• Aaron

Passive Investor Series Part 9: Return on Capital VS Return of Capital

When investing in syndications, the returns received are one of the essential factors in deciding whether to invest. While there are many types of returns one should consider when looking at a deal (i.e. IRR, Equity Multiple, AAR, etc.), an investor must also know whether the potential investment is providing return on capital or return of capital.

This one word, really one letter to be exact, can make a huge difference on how and what returns you receive on the investment. For this reason, let's cover what they are, the differences between the two, and the pros and cons of each.

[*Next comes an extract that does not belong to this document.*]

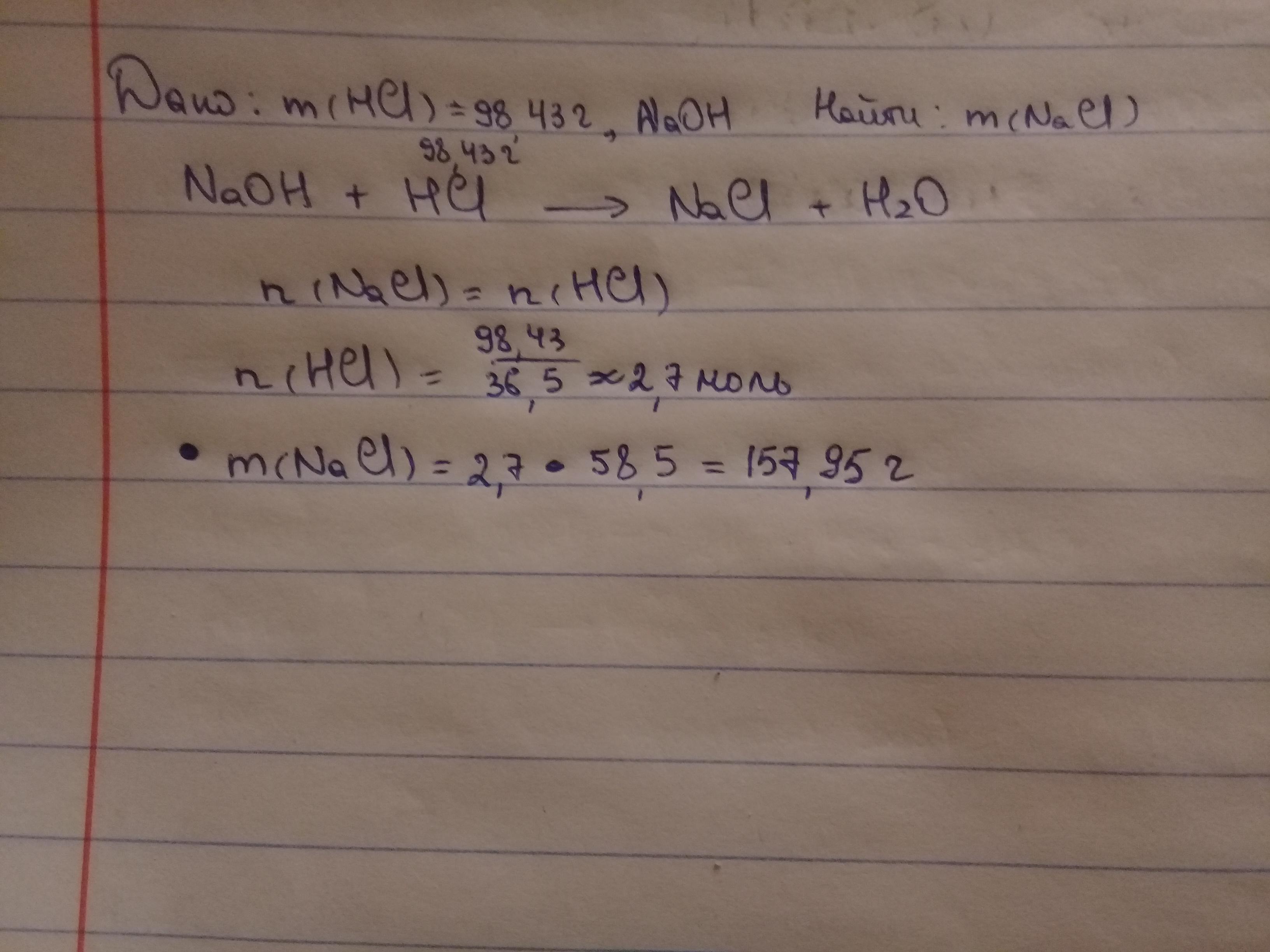 На нейтрализацию раствора NaOH потребовалась соляная кислота массой 98,43г. Найдите массу образовавшегося NaCl

The return on capital is your ability to receive a return on your investment based upon the invested capital. For example, if you invested $100,000 in a property that paid an 8% annual distribution then you will earn $8,000 of cash flow. The important factor with a return on capital is there is no reduction of your invested capital with each distribution. Therefore, in the next year, your 8% distribution will also be $8,000. The only way your invested capital reduces is if there is a capital event, such as a refinance or sale of the property..


Return of capital, as its name implies, is the return of your capital with each distribution. For example, if you take the same $100,000 from above with an 8% annual distribution then the $8,000 of cash flow reduces your invested capital down to $92,000 ($100,000 - $8,000). Therefore, the following year, your 8% distribution is now $7,360 ($92,000 x 8%) and your invested capital $84,640. Capital events will also further reduce your invested capital.


At this point, you may be asking yourself why would anyone want to choose the return of capital versus a return on capital?


Return on Capital

The pros of the return on capital is the fact your cash flow will be higher since your invested capital is not being reduced.

Return of Capital

With a return of capital, the capital that is being returned to you is not going to be subject to taxes. This is because these are not considered income or gains but a capital return.


Return on Capital

The distributions you receive from your investment will be subject to taxes.

Return of Capital

The reduction of your capital with distributions.


There is not one that is better than the other and it depends largely on your investment goals. If you are looking for maximum tax benefits, then a return of capital may be the best route. If you are looking to maximize your investment and create steady cash flow, then a return on capital should be considered.

Most investors prefer the return on capital as the purpose of investing into a deal is for the income and capital gain of their investment.

No matter which one you choose, be sure to read the investor documents carefully to know whether the distributions you receive are a return on capital or return of capital. You will want to ensure the potential investment meets the type of returns you are looking for.